As a practical person, I am cleaning the tables in the galley. My reading of cautionary romances on Mrrthow led me to believe that this would be done by machines, but I am informed that machines cost more than General Maintainers (Probationary) and it is not half so satisfying to hit machines. I don’t know how I know this language nor how my credentials were in order. I suppose I am a pawn in a game with many Hidden Players behind the scenes. I’d worry about it, but the first thing to do is survive.

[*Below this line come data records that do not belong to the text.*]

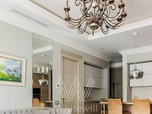 Планировка: просторная гостиная выполненная в едином пространстве с кухней и обеденной зоной, основная спальня с гардеробной и ванной комнатами, вторая спальня с ванной комнатой, гостевая спальня с ванной комнатой, постирочная, гостевой санузел. В квартире огромное количество шкафов и мест для хранения.
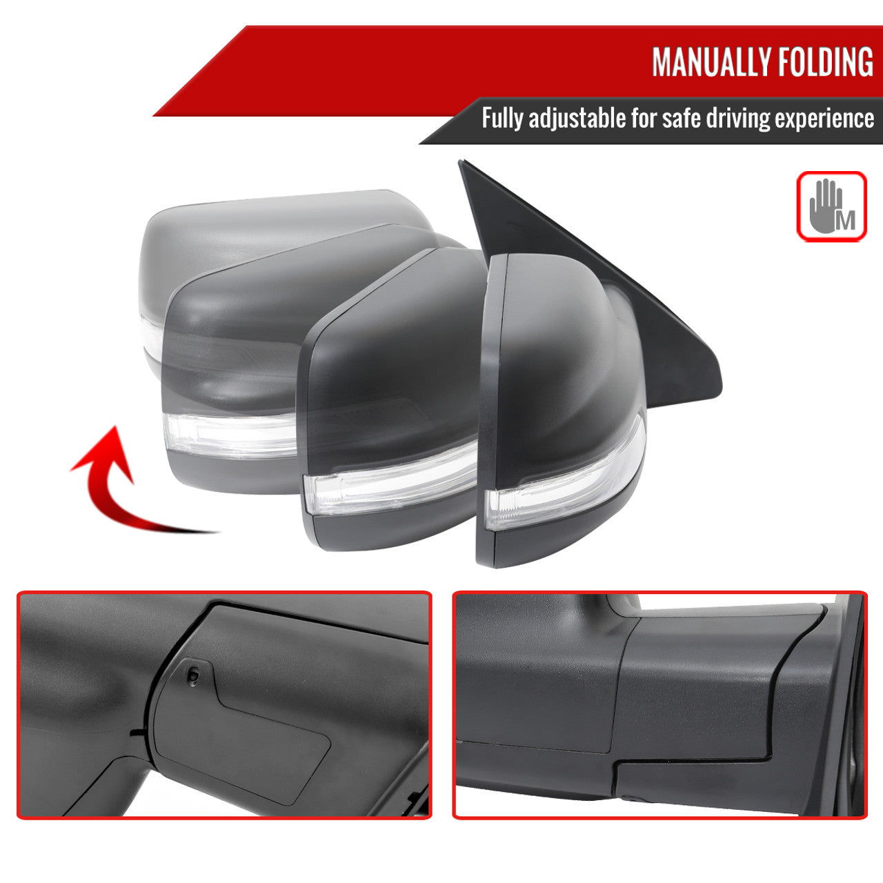 - Manual folding function lets you adjust the mirror position
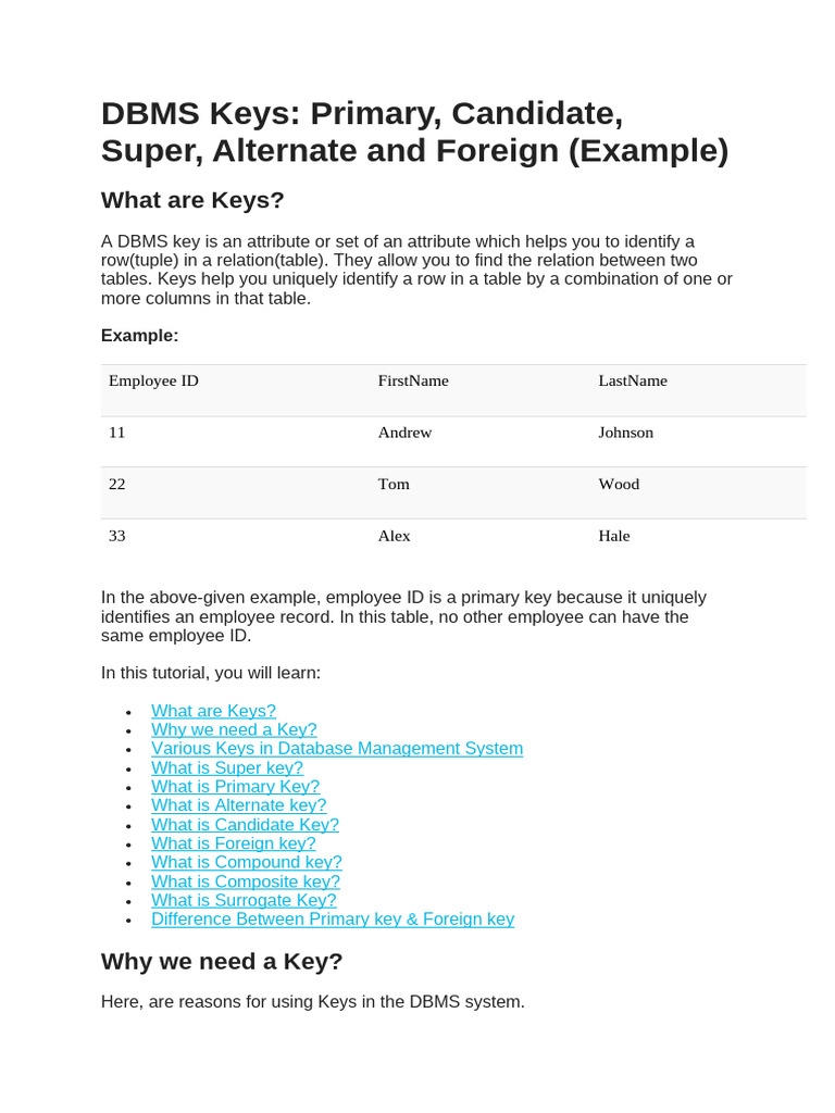 A DBMS key is an attribute or set of an attribute which helps you to identify
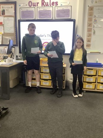 This week, the Year 6 children have been doing something a little bit different in guided reading – a programme called Reader’s Theatre. This involved the children having a text modelled to them where they could hear it being read for fluency, expression and intonation. Over the week, they then work
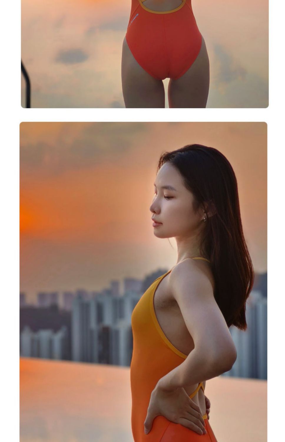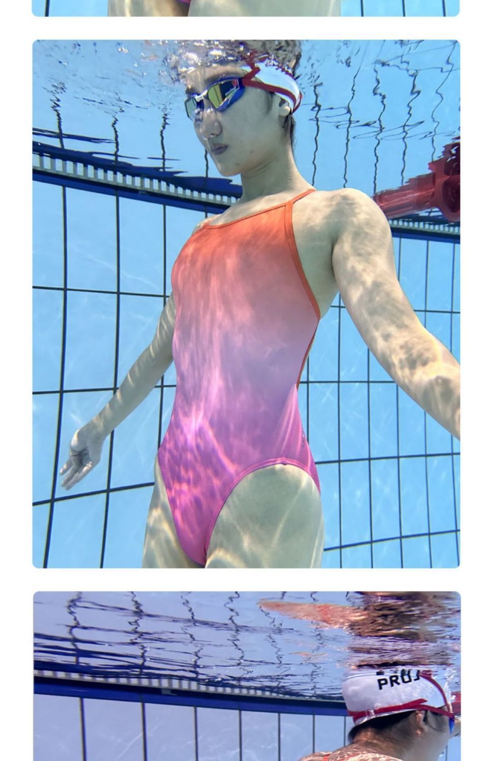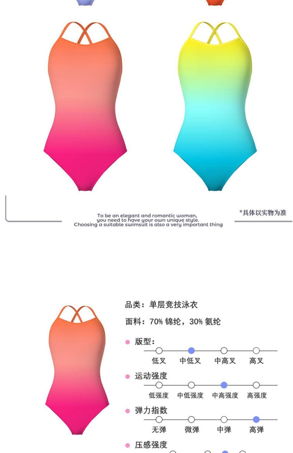 높은 색상 값 그라디언트 더블 레이어 원피스 경쟁 수영 세트 여자 여름 프로 스포츠 훈련 낮은 포크 배 덮개 슬림
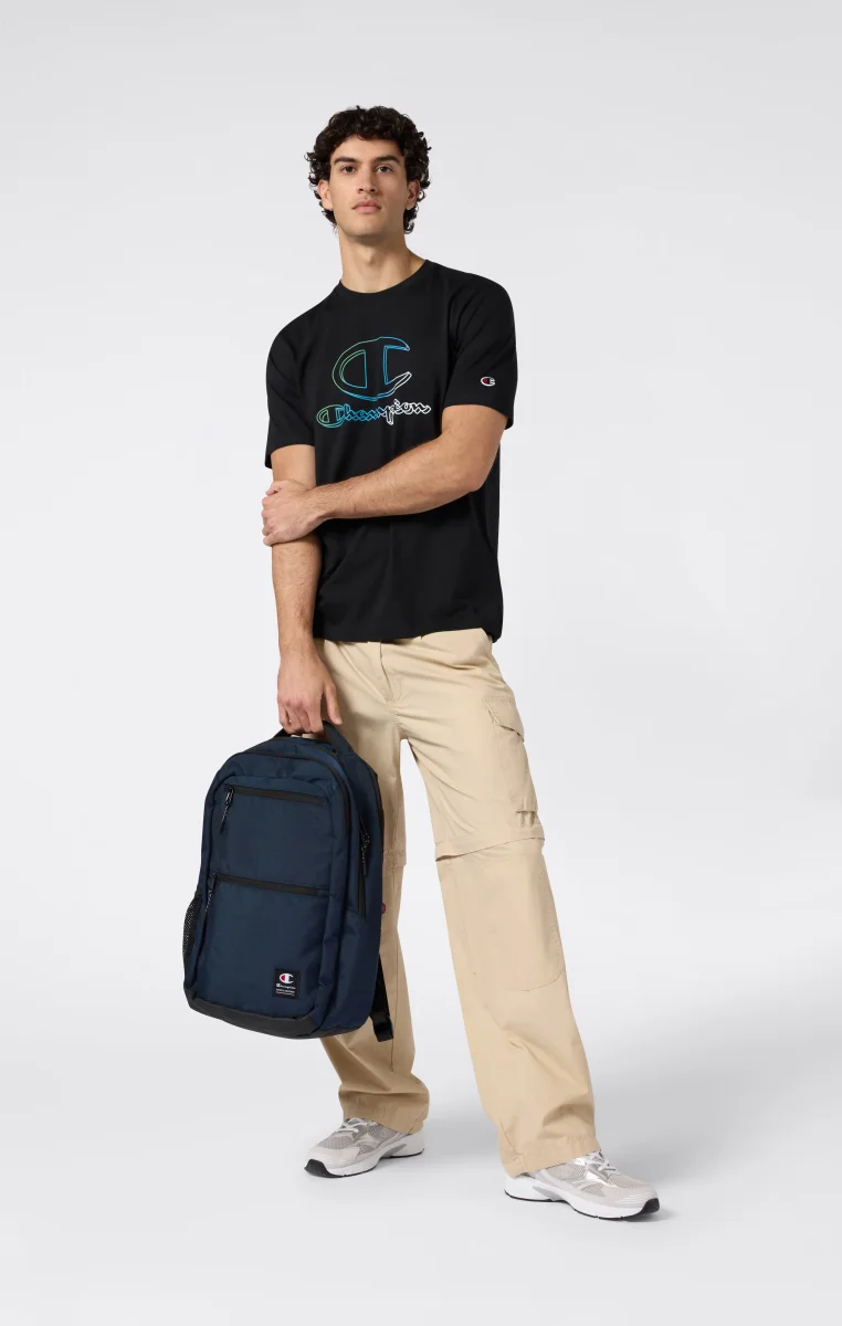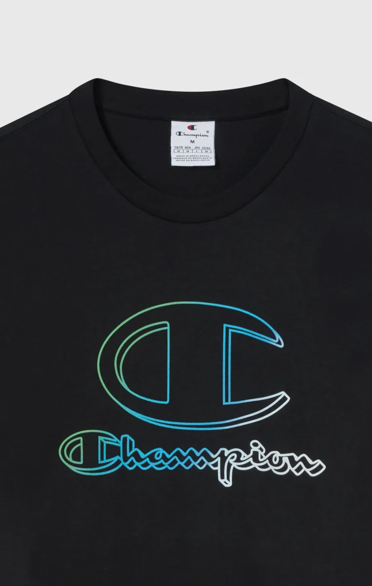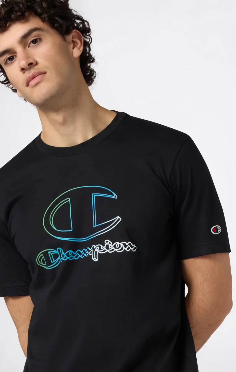 Made from lightweight cotton jersey (150 g/m²), this Champion T-shirt combines comfort and style in a versatile everyday piece. The design plays with seasonal colors and reworks the iconic “C” logo into original graphic compositions, creating a modern and distinctive look. Perfect to pair with jeans, joggers or shorts for a casual and fresh style.@@@Composition:100% cotton |Fabric:Light cotton jersey |Fabric weight:150 g/m² |Short sleeves |Ribbed crew neck |Fit:Standard Fit – versatile and comfortable with standard widths and lengths. Close to the body with clean lines that do not cling. Regular shoulder cut.
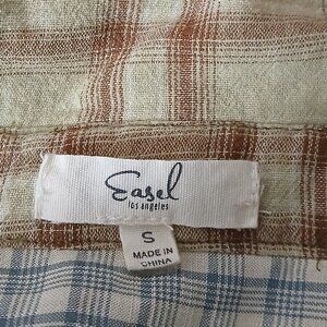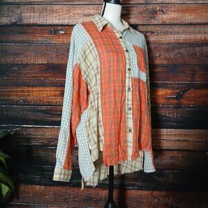 Easel Top S Patchwork Distressed Button Front Asymmetrical Fringe Plaid Shirt

Lady Susan came into the galley, ducking to avoid hitting her head. She’s a human and they run to height. She drew her five-fingered hand along the tabletop. “Not clean
Humans don’t like vavacq. (Yes, there are vavacq out here. This puzzled me at first.) Lady Susan takes this cultural trait and nurtures it. “Vavacq,” she said. “If your race practiced genetic engineering and forced culling for a few million years, they might be eligible to apply for a junior partnership in a lichen. You,” she sneered, “would not have made it to the second generation.” When she sneers, her shiny white omni-vore teeth contrast with her brown face.
I finished my cleaning and returned to my cubicle. I passed other crew on the way; none of them are vavacq, but none of them are human either. I think Lady Susan is on some sort of a training mission. I didn’t expect so many species. Our scientists said this was highly improbable; another good theory done in by facts. “Never thought about it,” was the majority opinion (this fits in with my new definition of people). This was followed by “It’s always been that way.” A few of a more mystic persuasion believed that an Elder Race had seeded the galaxy with life-forms for their own unknowable purposes. These were referred to as the Eldest Ones, the Gardeners, or the Causal Ones, depending upon the particular sect involved.
My quarters are small. My current possessions are two uniforms and a toilet kit. I have been accessing the available sections of the ship’s computer memory. Most of that seems to be pornography. There is background information in other languages, but I don’t know them. I don’t know how I learned this language I’m speaking. I’m going to sleep.
The captain is a Lobote—descended from a pack carnivore; we are the surrogate pack. I’m avoiding Lady Susan; she must dislike me as a vavacq specimen. I have not had a chance to be personally offensive to her. Given her size and obvious strength, I think the proper retort to her rudeness is a dignified silence or a “Yes, ma’am.” I’m the only vavacq on the ship. I know there are others in the galaxy. No one thinks I’m unusual. There are references to vavacq in some of the novels. Favorable, unfavorable, or background depending upon the author’s species or personality. It’s clear that vavacq are not the Master Race by any means.